===== Listed entries =====

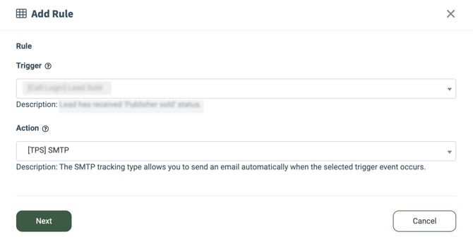 The SMTP tracking type allows you to send an email automatically when the selected trigger event takes place.
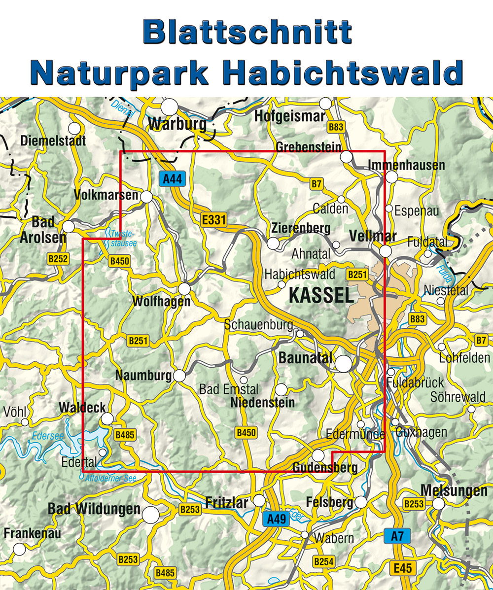 Die neue reiß- und wetterfeste Ausgabe der beliebten Rad- und Wanderkarte Naturpark Habichtswald stellt den Naturpark mit dem aktualisierten Rad- und Wanderwegenetz übersichtlich vor. Neben dem Habichtswaldsteig mit seinen Extratouren werden auch die Eco-Pfade und die vielfältigen Radwege dargestellt. Eine Detailkarte vom Bergpark Wilhelmshöhe und vom Dörnberg runden das Angebot ab
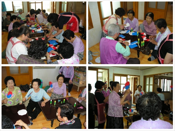 태극부채를 만들어 부채도 부쳐보고 노래도 함께 부르면서 즐거운 시간을 보내고 돌아왔습니다. |
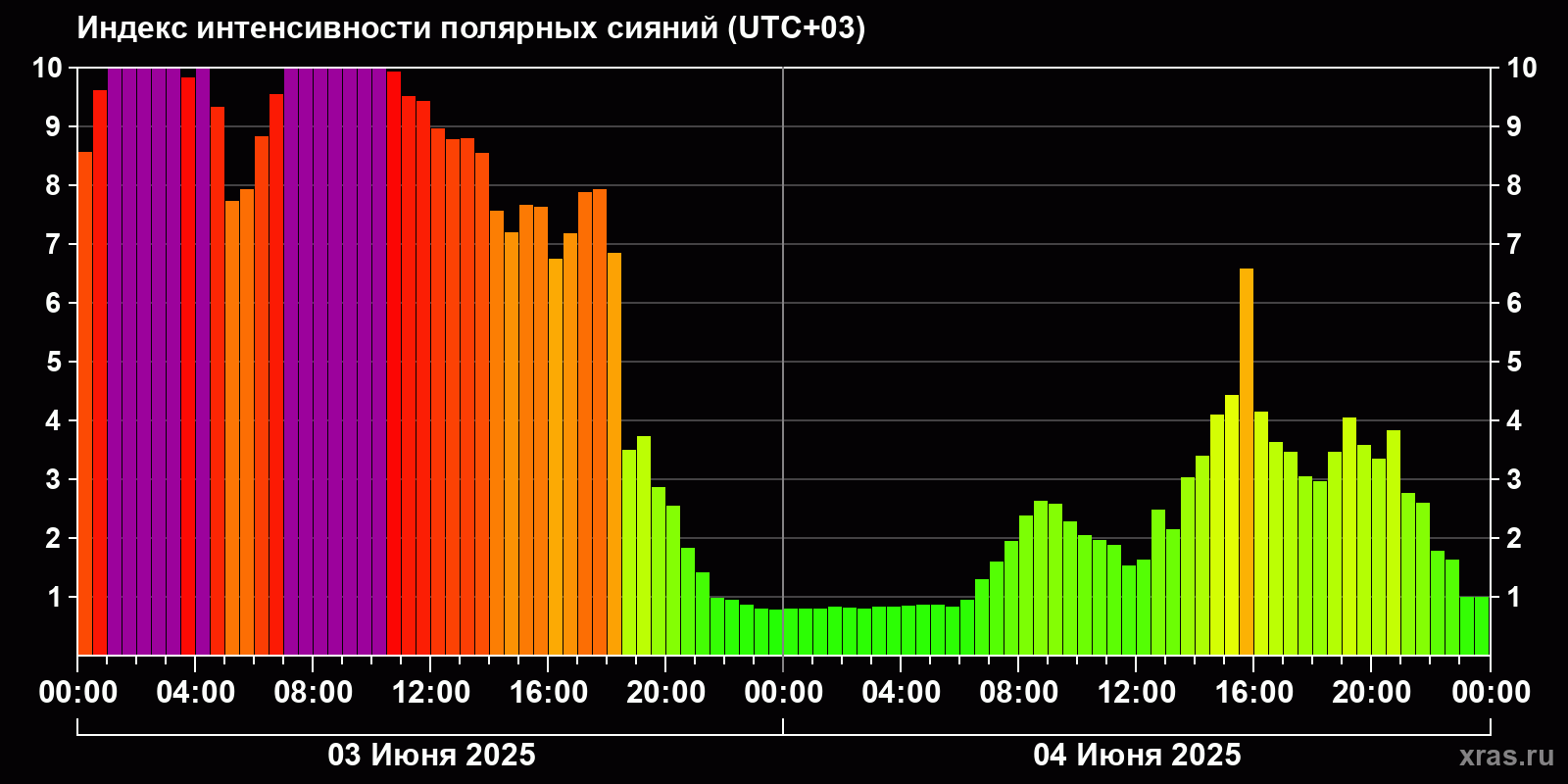 Изменения индекса интенсивности полярных сияний с 2025-06-03 по 2025-06-04 по местному времени
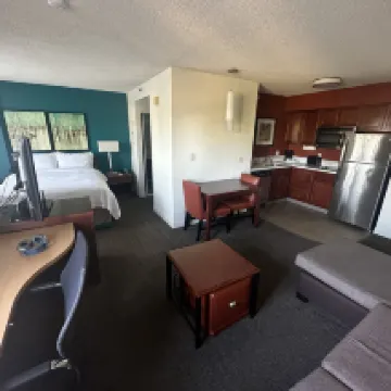 供家庭出遊的residence inn ,房間大,一個人住有點奢侈,自助早餐還行,就是天天一樣,多吃了就膩了,自助洗衣不錯。 附近有幾家超市,過馬路還有一家safeway,購物方便

=====

▸ **Task brief**: Exclude every picture and copy the remaining data exactly.

▸ **Answer space**:
 The SMTP tracking type allows you to send an email automatically when the selected trigger event takes place.
 Die neue reiß- und wetterfeste Ausgabe der beliebten Rad- und Wanderkarte Naturpark Habichtswald stellt den Naturpark mit dem aktualisierten Rad- und Wanderwegenetz übersichtlich vor. Neben dem Habichtswaldsteig mit seinen Extratouren werden auch die Eco-Pfade und die vielfältigen Radwege dargestellt. Eine Detailkarte vom Bergpark Wilhelmshöhe und vom Dörnberg runden das Angebot ab
 태극부채를 만들어 부채도 부쳐보고 노래도 함께 부르면서 즐거운 시간을 보내고 돌아왔습니다. |
 Изменения индекса интенсивности полярных сияний с 2025-06-03 по 2025-06-04 по местному времени
 供家庭出遊的residence inn ,房間大,一個人住有點奢侈,自助早餐還行,就是天天一樣,多吃了就膩了,自助洗衣不錯。 附近有幾家超市,過馬路還有一家safeway,購物方便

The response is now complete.